Co-immunization with DNA vaccines expressing granulocyte-macrophage colony-stimulating factor and mycobacterial secreted proteins enhances T-cell immunity, but not protective efficacy against Mycobacterium tuberculosis

Abstract

The development of more effective antituberculosis vaccines would assist in the control of the global problem of infection with Mycobacterium tuberculosis. One recent vaccination strategy is immunization with DNA plasmids encoding individual microbial genes. Using the genes for the M. tuberculosis-secreted proteins, MPT64 (23 000 MW) and Ag85B (30 000 MW) as candidate antigens, we previously prepared DNA vaccines and demonstrated their ability to stimulate T-cell responses and confer protection in a mouse model of aerosol tuberculosis (TB). The protective efficacy of the DNA vaccines was less than that promoted by the current vaccine Mycobacterium bovis bacille Calmette-Guèrin (BCG). To improve the immunogenicity and protective efficacy of these mycobacterial vectors, co-immunization of a plasmid expressing granulocyte-macrophage colony-stimulating factor (GM-CSF) was investigated. Intramuscular immunization with DNA expressing MPT64 or Ag85B and GM-CSF enhanced the antigen-specific cellular immune response, with increased proliferative response and production of interferon-gamma (IFN-gamma). The titre of antimycobacterial protein immunoglobulin G (IgG) antibodies was unchanged. Mice immunized with DNA vaccines showed reduced pulmonary bacterial load following an aerosol challenge of M. tuberculosis, but codelivery of the plasmid expressing GM-CSF did not increase the protective effect. Therefore, despite modifying the cellular immune response to DNA vaccines, GM-CSF does not improve their protective efficacy at the peak of infection after an aerosol challenge with 100 c.f.u. of M. tuberculosis.

Figure 1

The effect of immunization with DNA-64 and pGM-CSF on T-cell proliferation.
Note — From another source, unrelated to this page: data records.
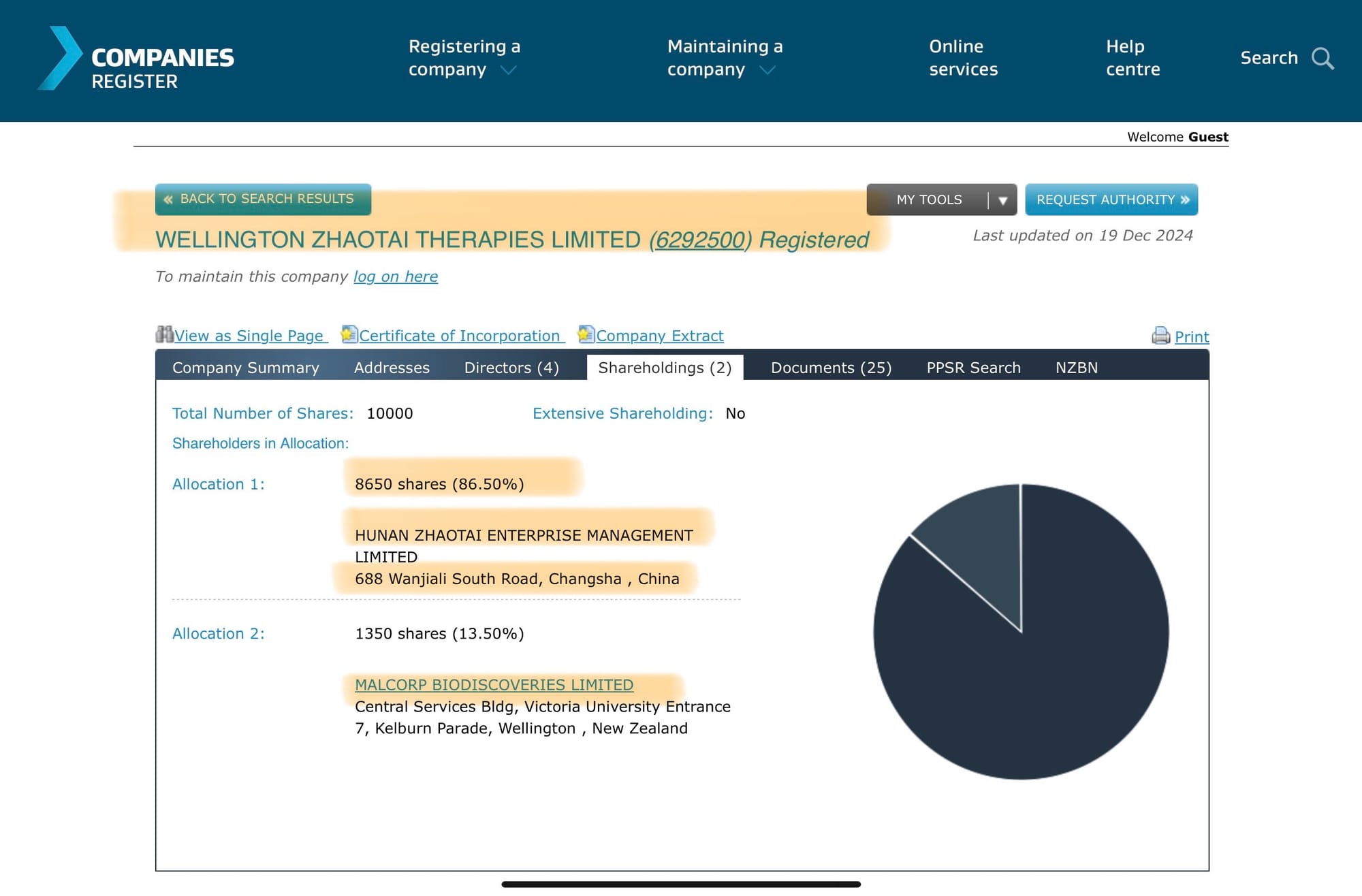 The Shareholders of Wellington Zhaotai Therapies Ltd are two entities, unsurprisingly Malcorp Biodiscoveries Ltd own 13.5%. But the remaining 85.6% is owned by Chinese biotech Hunan Zhaotai Enterprises Management Ltd which seems to trade as Hunan Zhaotai Medical Group and is based in Changsha, Hunan, China: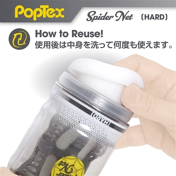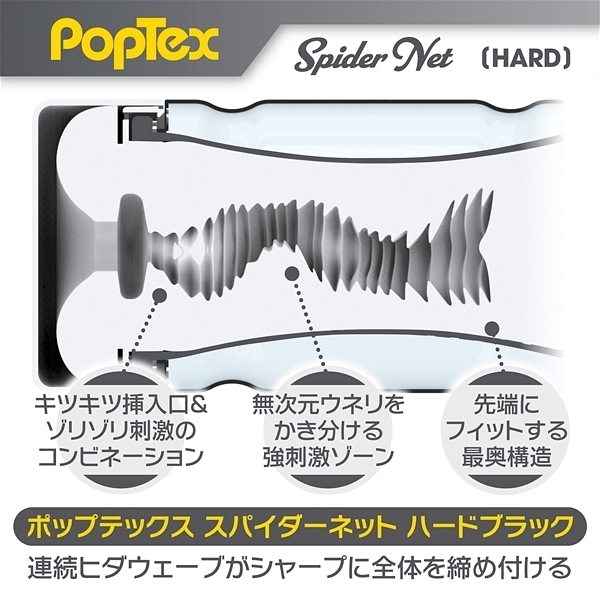 ポップテックススパイダーネットカップハード<リアルな締め付け×ネットヒダ刺激の高機能カップホール>新開発SpiderNetTechnology搭載型カップホール!ホールを包み込む柔軟性に優れたシリコンネットで最も気持ち良い形状に自動的に変形することでスポンジでは再現できない自然なフィット感とリアルな締め付け感を実現しました!内部構造は網目状のネットヒダの中心にアクセントのイボ刺激のアクセント!強力に吸い付く最奥のバキュームスポットは天面の「OneWay」シールを剥がし空気を抜いて挿入することで内部のまとわりつき感をより楽しむことが出来ます。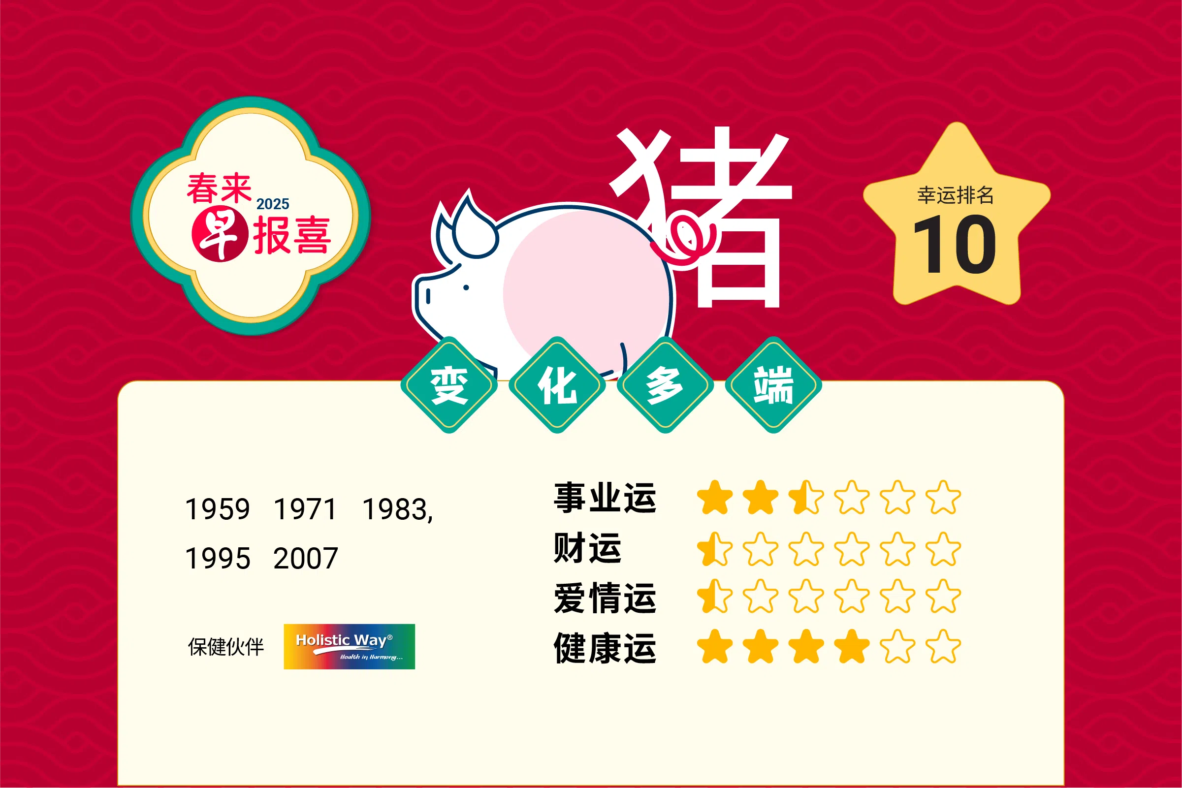 健康方面今年要小心出入,出门远行时也必须要小心留神,以免乐极生悲!此外,今年也要多加关注父母或长辈的健康状况,一旦发现有什么毛病, 就必须带他们立刻就医。由于今年也是肖猪朋友的驿马年,容易有迁移,外出变化之象。 驿马也代表有机会往外地发展事业或今年经常有机会旅游,或者只是去较远的地方,不一定有重大变化。

Proliferative responses of spleen-derived lymphocytes from mice immunized imi with 100 μg DNA-64, co-immunized with pGM-CSF, or the empty vector. Mice were immunized once or three times at three week intervals. The incorporation of ³H-thymidine (Δc.p.m.±SEM) in response to 10 μg/ml MPT64 was measured as described in the materials and methods. The statistical significance of the differences in the proliferative response was determined by Student's t-test, *P = 0·002, **P = 0·007.

Figure 2

The effect of immunization with DNA-85B and pGM-CSF on T-cell proliferation. Proliferative responses of spleen-derived lymphocytes from mice immunized three times imi, with 100 μg DNA-85B alone (♦), co-immunized with pGM-CSF (•), or the empty vector (▴). The incorporation of ³H-thymidine (Δc.p.m.±SEM) in response to Ag85B was measured as described in the materials and methods. The statistical significance of differences in the proliferative responses was determined by Student's t-test, *P = 0·001, **P = 0·01.

Figure 3

The effect of codelivery of a vector expressing GM-CSF on the protective efficacy of DNA vaccines against challenge with M. tuberculosis. Mice were immunized (100 μg imi) with a combination of DNA-64 and DNA-85B, with or without pGM-CSF, three times, every three weeks. As positive control, mice were given a subcutaneous immunization with BCG (5 × 10⁴ c.f.u.), and the empty vector was used as the negative control. Four weeks later, mice were challenged with aerosol-delivered M. tuberculosis H37Rv (100 c.f.u.). Four weeks postinfection, the bacteria in the lung were enumerated (±SEM), as described in the material and methods. The statistical significance of differences compared to empty vector were determined by the Mann–Whitney test (n = 5, *P < 0·009). There was no statistically significant difference between DNA vaccines with or without pGM-CSF.